Et le Premier ministre a qualifié ce voyage de "faute morale" et s'est indigné de ce "que des parlementaires aient ainsi, sans crier gare, rencontré un boucher". 


Dans l'opposition, Nicolas
Sarkozy, président de l'UMP, est le plus opposé à cette initiative de "quatre gugusses", ajoutant que lui n'aurait pas fait ce voyage.

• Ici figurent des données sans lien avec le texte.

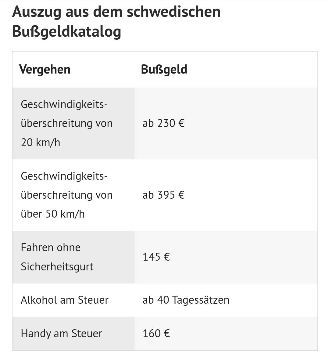 Die Strafen für zu schnelles fahren sind sehr empfindlich. Bereits ab 1 km/h Geschwindigkeitsüberschreitung (abzüglich Messtoleranz) innerorts droht eine Strafe von bis zu 250 €, außerorts bis zu 200 €.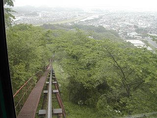 船岡城址公園は東北本線船岡駅から歩いて10分くらい。有名な桜の名所だそうだ。スロープカーは中腹と山上の平和観音のそばを結んでいる。全長305m。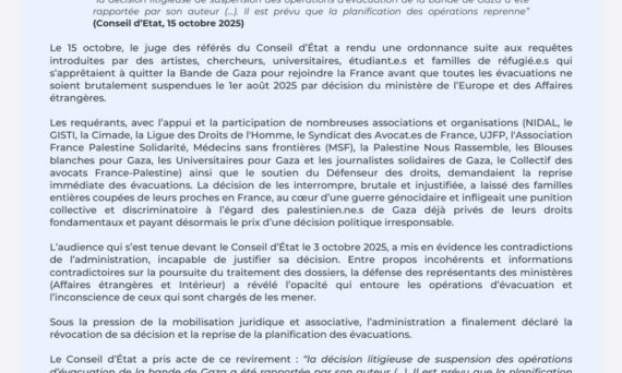 Attaqué en justice par une série d’associations pour sa scandaleuse interruption des évacuations de familles désunies et blessés palestiniens de la bande de Gaza, le gouvernement français a « révoqué » sa propre mesure, sans garantie qu’il s’y conformera concrètement. Les demandeurs (voir communiqué ci-dessous) avaient déposé une requête auprès du Conseil d’État, qui a tenu séance […]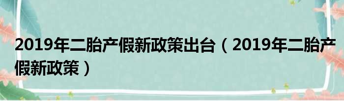2019年二胎产假新政策出台(2019年二胎产假新政策)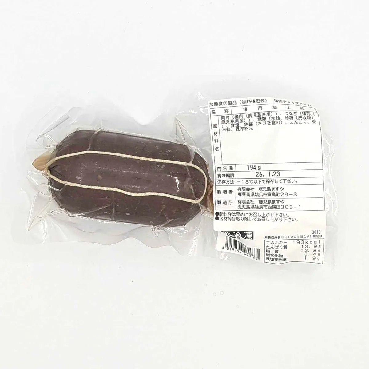 | 原材料 | 猪肉(さつま町産)、つなぎ(猪肉(さつま町産))、糖類(水飴、砂糖、(洗双糖))、食塩、魚醤(さけを含む)、にんにく、香辛料、昆布粉末 |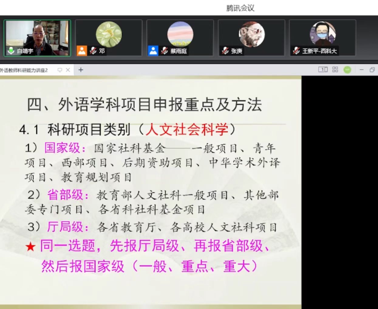 为拓宽科研思路,促进2023年国社基金项目申报工作的开展,太阳集团tyc4633及科技处邀请陕西师范大学白靖宇教授,于2022年11月10日下午开展了题为“高校外语教师科研能力提升与国家社科项目选题思考”的线上讲座。讲座由王新平院长主持,西安科技大学的教师与同学们积极参加了此次讲座。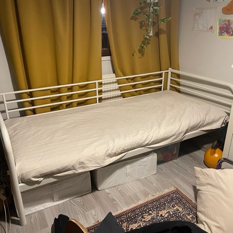 Ikea mäntypuinen levitettävä sänky, johon käy 80 x 200 cm patja(t). Katso mitat viimeisestä kuvasta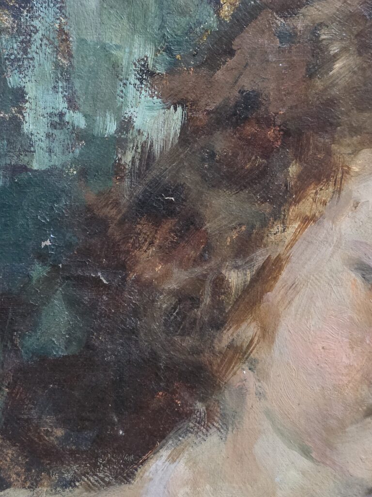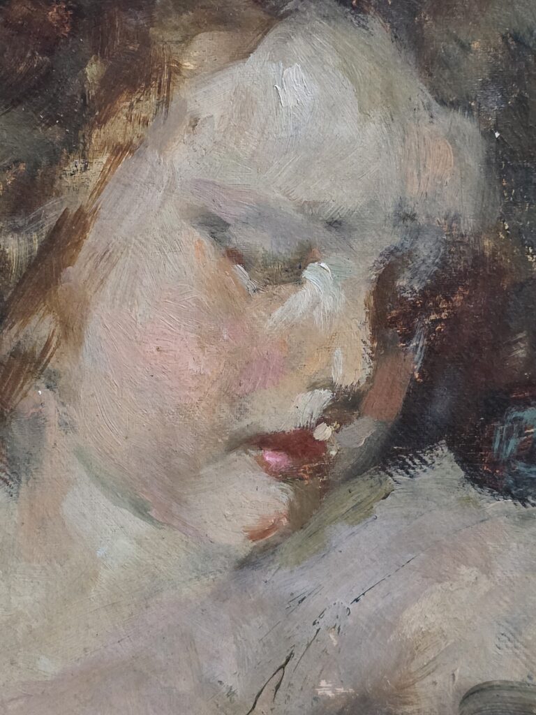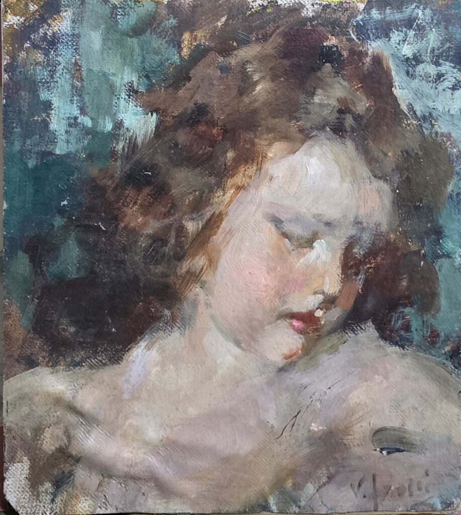 Vincenzo Irolli (1860-1949).Olio su tela applicata su cartoncino.Cm.31,5 x 36 Misure: cm.31,5 x 36 Olio su cartoncino Ritratto di bambina Firma in basso a destra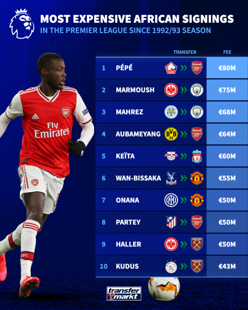 แน่นอนลำดับหนึ่งตลอดกาลยังไม่มีใครแซง นิโกล่าส์ เปเป้ ที่ย้ายจาก ลีลล์ มาร่วมงาน อาร์เซน่อล เรต 80 ล้านยูโร เมื่อปี 2019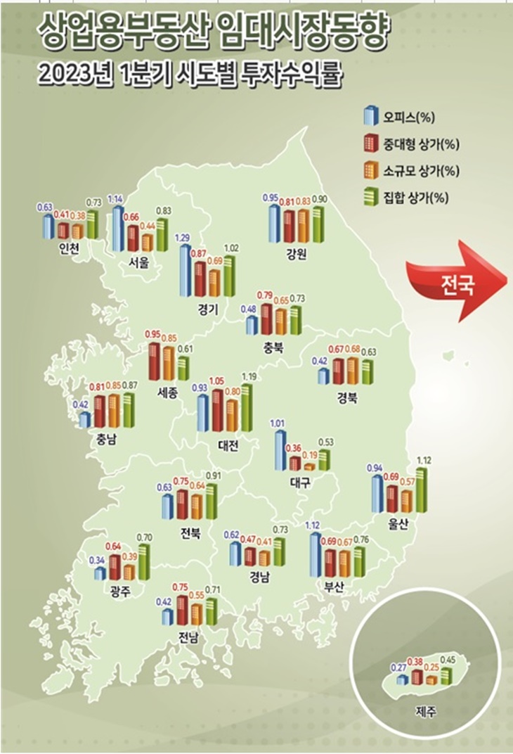 제주지역 상업용부동산 공실률은 전국평균과 비교하면 집합상가(전국 9.3%)를 제외하면 모두 전국평균(오피스 9.5%, 중대형상가 13.3%, 소규모상가 6.9%)보다는 낮은 수준이다.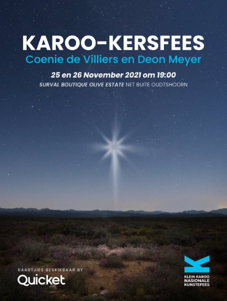 Gehore regoor die land was gaande oor De Villiers en Meyer se Karoo Suite 1& 2 en nou het die twee meesters en Karoo-liefhebbers ’n spesiale vertoning, Karoo-Kersfees saamgestel wat op 25 en 26 November om 19:00 by die pragtige Surval Boutique Olive Estate net buite Oudtshoorn opgevoer word.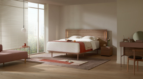 또한 부부의 라이프스타일에 따라 모션베드 및 트윈베드 구성이 가능해 매일 집에서 호캉스하듯 지친 하루의 피로를 풀어주는 완벽한 휴식 공간을 누릴 수 있다. 협탁은 400폭과 800폭 두 가지 크기가 있으며, 거치형 수납박스와 조명이 기본 구성돼 있다.

Le président Hollande a-t-il menti?

La gauche partage assez largement ce jugement de l'exécutif sur le législatif, mais cette condamnation est 
une atteinte au principe constitutionnel de séparation des pouvoirs et à la liberté parlementaire. Mais ce n'est pas tout, sur le sujet de la morale politique et personnelle.

Le journal Le Monde suggère un mensonge du président:



Fillon et Philippot approuvent le voyage d'étude

L'UMP Henri Guaino s'est insurgé sur Europe 1 contre l'idée de répression sur les députés: "En vertu de quoi faudrait-il les sanctionner?" "Je suis en désaccord sur le fond de la démarche, le fait d'aller le voir", a dit le proche de Nicolas Sarkozy qui, à titre personnel, n'aurait pas fait le voyage
Mais "nous sommes bien obligés de dialoguer avec Bachar al-Assad dès lors que nous avons un ennemi prioritaire, l'Etat islamique".

Mercredi l'ancien Premier ministre François Fillon avait assuré: "Ils ont eu raison d'y aller, il faut écouter toutes les parties", "si j'avais l'occasion d'aller en Syrie, j'irais sûrement en Syrie".

Sur France Inter, le vice-président du FN Florian Philippot est allé beaucoup plus loin dans l'approbation évoquant "une initiative qui me paraît saine, intelligente", a-t-il dit. "J'aurais aimé que la diplomatie française officielle - si tant est qu'elle ne soit pas mêlée à cette affaire - ait cette initiative", a ajouté F. Philippot.
Sur RFI, l'autre vice-président du FN Louis Aliot a soupiré: "Que n'aurait-on pas dit si un député FN avait fait la même chose!"

La polémique en rappelle une autre, suscitée par une enquête au Proche Orient en 2004 du député UMP Didier Julia. Raison invoquée: obtenir la libération de deux journalistes otages.